A package for calculating a wide variety of features from text
Project description
TextDescriptives
A Python package for calculating a large variety of statistics from text(s).
Installation
Clone the Github directory, navigate to it in a terminal, and call
pip install .
Usage
To calculate all possible metrics:
import textdescriptives
# Input can be either a string, list of strings, or pandas Series
en_test = ['The world is changed. I feel it in the water. I feel it in the earth. I smell it in the air. Much that once was is lost, for none now live who remember it.',
'He felt that his whole life was some kind of dream and he sometimes wondered whose it was and whether they were enjoying it.']
textdescriptives.all_metrics(en_test, lang = 'en', snlp_path = snlp_path)
Text | avg_word_length | median_word_length | std_word_length | avg_sentence_length | median_sentence_length | std_sentence_length | avg_syl_per_word | median_syl_per_word | std_syl_per_word | type_token_ratio | lix | rix | n_types | n_sentences | n_tokens | n_chars | gunning_fog | smog | flesch_reading_ease | flesch_kincaid_grade | automated_readability_index | coleman_liau_index | Germanic | Latinate | Latinate/Germanic | mean_dependency_distance | std_dependency_distance | mean_prop_adjacent_dependency_relation | std_prop_adjacent_dependency_relation | |
---|---|---|---|---|---|---|---|---|---|---|---|---|---|---|---|---|---|---|---|---|---|---|---|---|---|---|---|---|---|---|
0 | The world is changed.(...) | 3.28571 | 3 | 1.54127 | 7 | 6 | 3.09839 | 1.08571 | 1 | 0.368117 | 0.657143 | 12.7143 | 0.4 | 24 | 5 | 35 | 121 | 3.94286 | 5.68392 | 107.879 | -0.0485714 | -2.45429 | -0.708571 | 75 | 25 | 0.333333 | 1.60381 | 0.36493 | 0.695238 | 0.0481871 |
1 | He felt that his whole (...) | 4.16667 | 4 | 1.97203 | 24 | 24 | 0 | 1.16667 | 1 | 0.471405 | 0.833333 | 40.6667 | 4 | 21 | 1 | 24 | 101 | 11.2667 | 0 | 83.775 | 7.53667 | 10.195 | 7.46667 | 83.3333 | 16.6667 | 0.2 | 2.16 | 0 | 0.64 | 0 |
To calculate one category at a time:
textdescriptives.basic_stats(texts, lang = 'en', metrics = 'all')
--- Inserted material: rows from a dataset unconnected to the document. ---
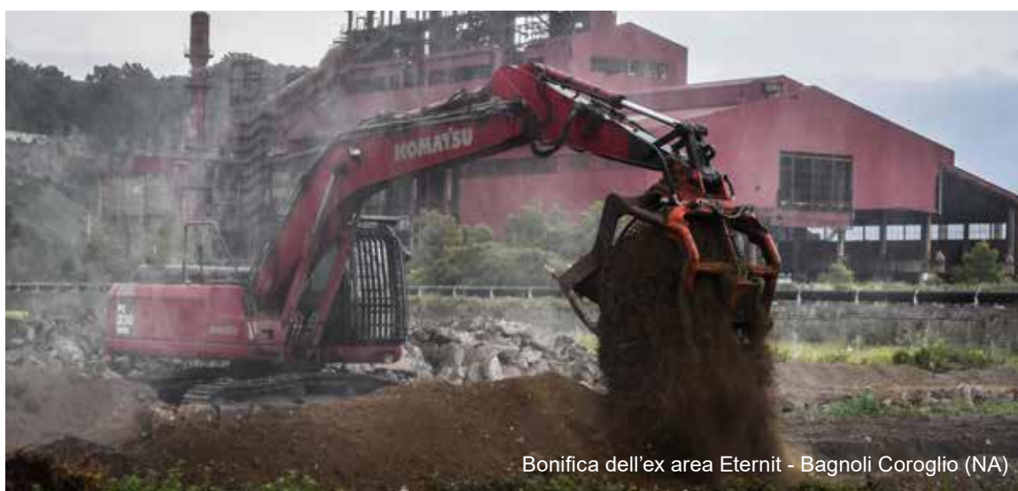
Bonifica dell'ex area Eternit - Bagnoli Coroglio (NA)

duce una definizione chiara ed esplicita delle proprie responsabilità etiche e sociali verso tutti i soggetti coinvolti direttamente o indirettamente nell'attività della Società (clienti, fornitori, soci, cittadini, dipendenti, collaboratori, istituzioni pubbliche, associazioni ambientali e chiunque altro sia interessato dall'attività dell'azienda). Il Codice rappresenta le misure che Teorema S.p.A. intende adottare sotto un profilo etico-comportamentale , al fine di adeguare la propria struttura ai requisiti previsti dal Decreto Legislativo n. 231/2001 e predisporre delle linee di condotta interne ed esterne alla Società da seguire nella realizzazione degli obiettivi societari. Pertanto, i principi contenuti nel presente documento si aggiungono a quelli previsti dal Modello di Organizzazione, Gestione e Controllo di cui all'art. 6 del D.lgs. 231/01 che la società ha deciso di adottare. Tuttavia, il Codice non sostituisce e non prevale sulle leggi vigenti e sul Contratto Collettivo Nazionale di Lavoro in essere.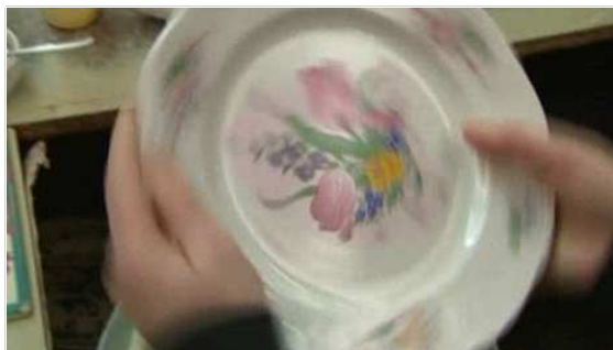
Une assiette en faïence de Lunéville France Télévisions Lorraine

Le groupe Faïence et Cristal connaîtra son repreneur cet après-midi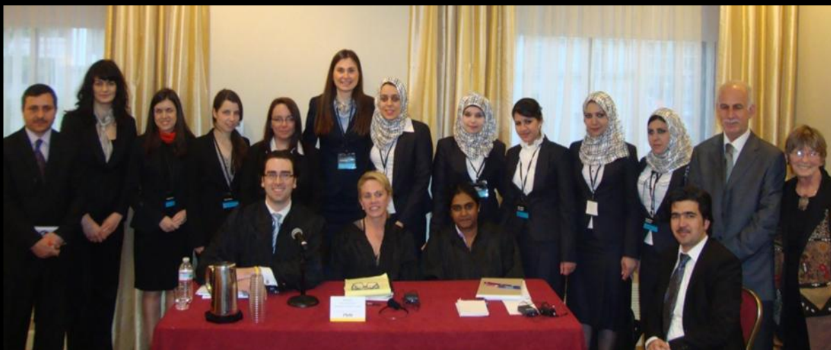
S kolegama iz Iraka, Sveučilište u Bagdadu

U rundama protiv timova iz Iraka i Indonezije, tim zagrebačkog fakulteta je izborio pobjede protiv oba tima uz rezultat od maksimalnih 9:0 bodova [6:0 u usmenom i 3:0 u pismenom dijelu] u pojedinoj rundi. Manje sreće smo imali u rundama protiv Izraela i Ujedinjenog Kraljevstva. Za prolazak u Jessup Advanced Rounds [u koje ulazi 32 tima] nam je nedostajala još jedna pobjeda od koje nas je dijelilo 6 bodova za koliko je bolji bio tim iz Hebrew University of Jerusalem [bodovi u usmenim rundam: 545:539].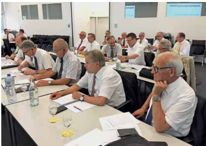
Teilnehmer der Delegiertenversammlung

In Zürich fand am Samstag, 24. Juni 2017, die jährliche Delegiertenversammlung statt.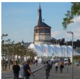
Promenade und Zelt

Am Ende des Freitags fragte sich der geneigte Besucher der Jazz-Rally, ob man die Veranstaltung nicht einfach in Funk-Soul-Groove-Rally umbenennen sollte, denn außer den unentwegten Dixie-Band-Burschen versuchten alle Musikanten irgendwie das Publikum zum Grooven zu bewegen. Auf der Bühne am Marktplatz wurden alle Acts mit der Prognose versehen, sie würden zum Tanzen animieren und zum Schwitzen bringen. Und das Abend-Highlight, der New-Soul-Sänger Seven fragte zu Beginn seines Konzerts „Oder ist das zu viel Funk für ein Jazz-Festival?“. Das erlebnishungrige und nicht besonders jazz-affine Publikum jubelte mit einem lauthalsen „Nein!“ und schwang die Hände im vorgegebenen Groove über den Köpfen. Selbst die eigentlich klassisch aufgestellte Bigband der Clara-Schumann-Musikschule bemühte durchweg tanzbare Rhythmen. Da waren dann die Jazzinvaders im Stone (Ratinger Hof) schon beinahe die jazzigsten der Jazzler. Wobei das Adjektiv „jazzig“ manches Gespräch zitierte. Es scheint inzwischen zu reichen, die eigene Mucke „jazzig“ anfühlen zu lassen, um sich selbst als Jazz-Musiker zu betrachten. Wohlgermerkt: Das alles ist weder eine Generalkritik an den auftretenden Künstlern, noch der Versuche, eine Debatte über die Frage zu starten „Was genau ist denn eigentlich Jazz?“

textdescriptives.readability(texts, lang = 'en')
textdescriptives.etymology(texts, lang = 'en')
textdescriptives.dependency_distance(texsts, lang = 'en', snlp_path = None)
Textdescriptives works for most languages, simply change the country code:
da_test = pd.Series(['Da jeg var atten, tog jeg patent på ild. Det skulle senere vise sig at blive en meget indbringende forretning',
"Spis skovsneglen, Mulle. Du vil jo gerne være med i hulen, ikk'?"])
textdescriptives.all_metrics(da_test, lang = 'da', snlp_path=snlp_path)
If you only want a subset of the basic statistics
textdescriptives.basic_stats(en_test, lang = 'en', metrics=['avg_word_length', 'n_chars'])
Text | avg_word_length | n_chars | |
---|---|---|---|
0 | The world is changed.(...) | 3.28571 | 121 |
1 | He felt that his whole (...) | 4.16667 | 101 |
Readability
The readability measures are largely derived from the textstat library and are thoroughly defined there.
Etymology
The etymology measures are calculated using macroetym only slightly rewritten to be called from a script. They are calculated since in English, a greater frequency of words with a Latinate origin tends to indicate a more formal language register.
Dependency Distance
Mean dependency distance can be used as a way of measuring the average syntactic complexity of a text. Requres the snlp
library.
The dependency distance function requires stanfordnlp, and their language models. If you have already downloaded these models, the path to the folder can be specified in the snlp_path paramter. Otherwise, the models will be downloaded to your working directory + /snlp_resources.
Dependencies
Depending on which measures you want to calculate, the dependencies differ.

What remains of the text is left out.